OTHER TEST CONDITIONS
- Photoperiod: 16 h light/8 h dark
- Light intensity: 49 - 85 footcandles (530 - 920 lux) provided by Sylvania Oktron fluorescent bulbs

EFFECT PARAMETERS MEASURED (with observation intervals if applicable): After males and females had been paired (day 13), the number of dead males and females, the number of offspring produced by each individual female, and any abnormal appearance or behaviour was recorded daily. After test end, body length and dry weight was determined.

RANGE-FINDING STUDY
- 2 studies were performed:
- Test concentrations: (1) nominal 1.6, 3.1, 6.3, 13 and 25 mg a.i./L; (2) 6.3, 13, 25, 50 and 100 mg a.i./L
- Results used to determine the conditions for the definitive study: Since a NOEC level was not established, nominal concentrations were revised to 0.19, 0.38, 0.75, 1.5 and 3.0 mg a.i./L.

Duration:

28 d

Dose descriptor:

NOEC

Effect conc.:

0.17 mg/L

Nominal / measured:

meas. (arithm. mean)

Conc. based on:

act. ingr.

Basis for effect:

reproduction

Duration:

28 d

Dose descriptor:

LOEC

Effect conc.:

0.31 mg/L

Nominal / measured:

meas. (arithm. mean)

Conc. based on:

act. ingr.

Basis for effect:

reproduction

Duration:

28 d

Dose descriptor:

other: MATC

Effect conc.:

0.23 mg/L

Nominal / measured:

meas. (arithm. mean)

Conc. based on:

act. ingr.

Basis for effect:

reproduction

Details on results:

- No. of offspring produced per day per female: validity criteria are not reached, the average offspring per female in the controls was only 0.77 per day indicating severe underperformance (performance criterion: >= 3/day).
- In general, the stability of stock solutions was questionable for a period of greater than 48 h, since degradation of the samples was observed. All stock solutions used during this study were < 48 h old.
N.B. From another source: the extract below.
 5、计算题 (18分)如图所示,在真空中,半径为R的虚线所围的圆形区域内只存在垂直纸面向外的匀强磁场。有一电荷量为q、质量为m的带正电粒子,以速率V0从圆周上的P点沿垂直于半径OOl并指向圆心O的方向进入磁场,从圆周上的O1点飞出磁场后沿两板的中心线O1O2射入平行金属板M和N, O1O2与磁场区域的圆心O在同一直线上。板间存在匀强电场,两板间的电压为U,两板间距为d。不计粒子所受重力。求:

Table: First generation (F0) survival, F0 reproduction, F0 average body length and F0 average dry body weight at the termination of the 28 day life-cycle test exposing mysids to AE 0001789 technical. (a) Significantly reduced compared to the control, based on Williams' Test.

Mean measured concentration (mg a.i./L)	Test Day 28 Survival (%, male-female combined)	Reproductive Success (Offspring/Female/Reproductive Day)	Average Total Body Length (mm)		Dry Body Weight (mg)
			Males	Females	Males	Females
Control	87	0.77	7.2	7.4	0.81	1.12
0.17	92	0.64	7.3	7.5	0.81	1.12
0.31	93	0.51 (a)	7.4	7.5	0.88	1.08
0.54	96	0.57 (a)	7.3	7.4	0.82	1.18
1.1	84	0.27 (a)	7.2	7.3 (a)	0.86	1.06
1.7	94	0.26 (a)	7.1	7.3 (a)	0.86	0.96 (a)

Validity criteria fulfilled:

no

Remarks:

validity criteria are not reached, the average offspring per female in the controls was only 0.77 per day indicating severe underperformance (performance criterion: >= 3/day).